§ What the exercise asks:
The pictures stay out; all of the data is to be printed exactly.

§ Given data:
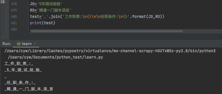 二:join将 容器对象 拆分并以指定的字符将列表内的元素(element)连接起来,返回字符串
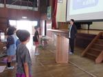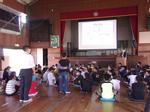 今日は、松戸市医師会のまちっ子プロジェクトを実施していただきました。5年生が体育館に集まり、松戸市の医師の話を聞きました。
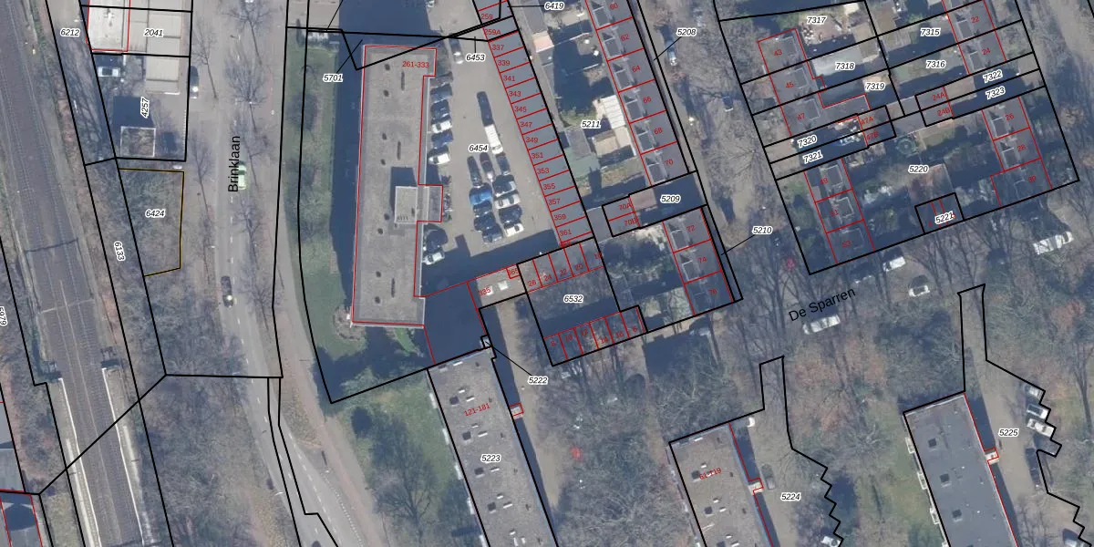 Het perceel waarop De Sparren 24 staat heeft een oppervlakte van 310 m². Dit is een groot perceel. De perceeloppervlakte wordt geregistreerd door het Kadaster. Gedetailleerde informatie over de maten van dit perceel kunt u vinden in het rapport Kadastrale kaart met maatvoering van De Sparren 24.
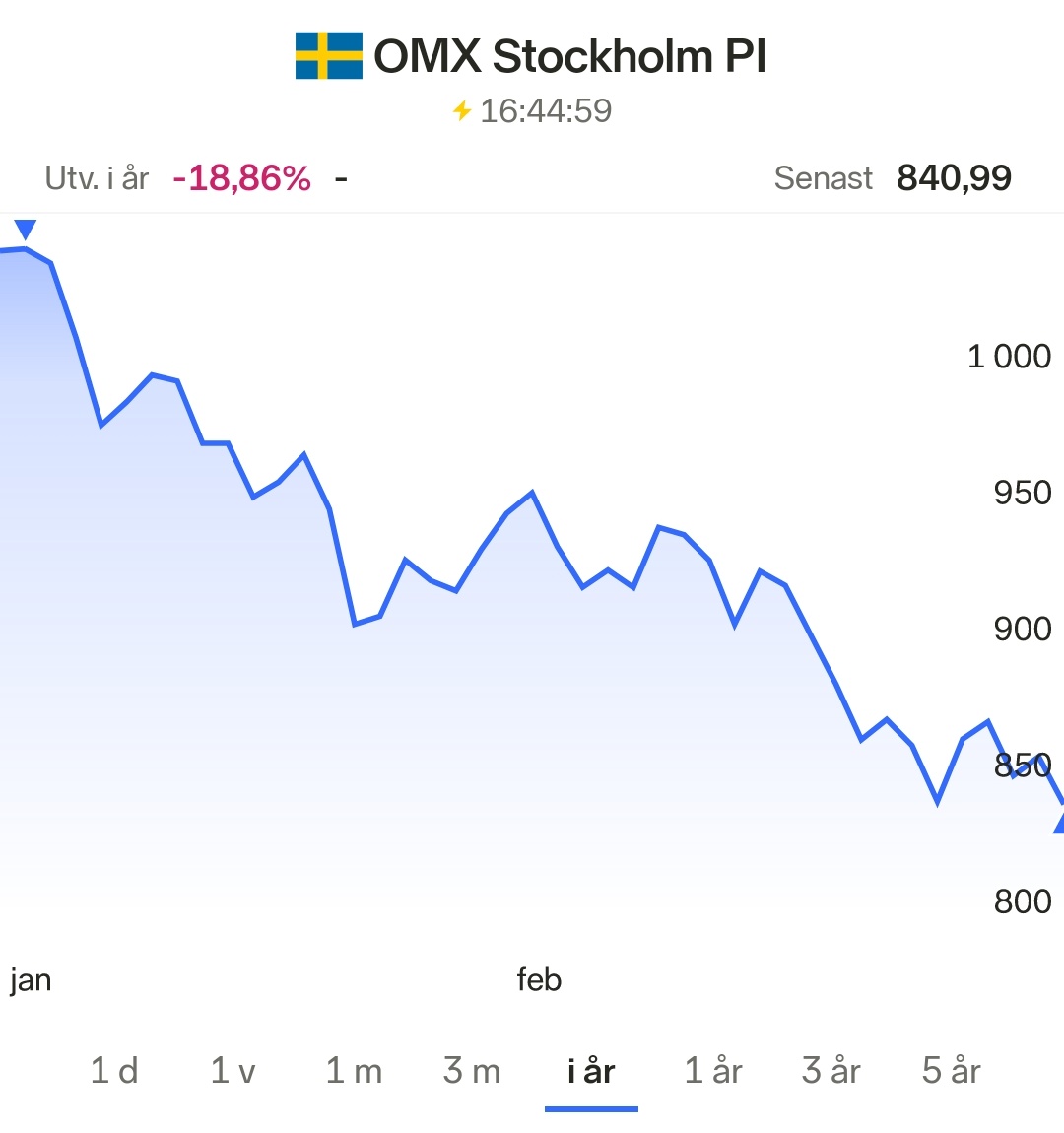 Tänk om börsen bara gick stadigt upp med 10-15 % varje år . Det hade varit perfekt. Ingen av Oss hade behövt arbeta länge. Men verkligheten ser lita annorlunda ut. Börsen går upp/ned ibland mycket ned upp till 30-50% kortsiktigt på 1-2 årssikt. . Det måste man tyvärr leva med. -5 till -10% kortsiktigt är lika vanligt som att gå varje dag till jobbet .
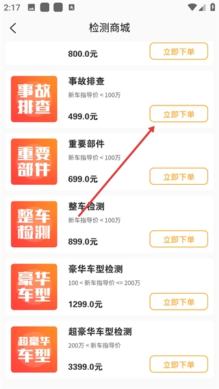 2、在檢測商城選擇【事故排查】服務(wù),點擊【立即下單】,進入檢測訂單界面。

§ Reply to the exercise:
 二:join将 容器对象 拆分并以指定的字符将列表内的元素(element)连接起来,返回字符串
 今日は、松戸市医師会のまちっ子プロジェクトを実施していただきました。5年生が体育館に集まり、松戸市の医師の話を聞きました。
 Het perceel waarop De Sparren 24 staat heeft een oppervlakte van 310 m². Dit is een groot perceel. De perceeloppervlakte wordt geregistreerd door het Kadaster. Gedetailleerde informatie over de maten van dit perceel kunt u vinden in het rapport Kadastrale kaart met maatvoering van De Sparren 24.
 Tänk om börsen bara gick stadigt upp med 10-15 % varje år . Det hade varit perfekt. Ingen av Oss hade behövt arbeta länge. Men verkligheten ser lita annorlunda ut. Börsen går upp/ned ibland mycket ned upp till 30-50% kortsiktigt på 1-2 årssikt. . Det måste man tyvärr leva med. -5 till -10% kortsiktigt är lika vanligt som att gå varje dag till jobbet .
 2、在檢測商城選擇【事故排查】服務(wù),點擊【立即下單】,進入檢測訂單界面。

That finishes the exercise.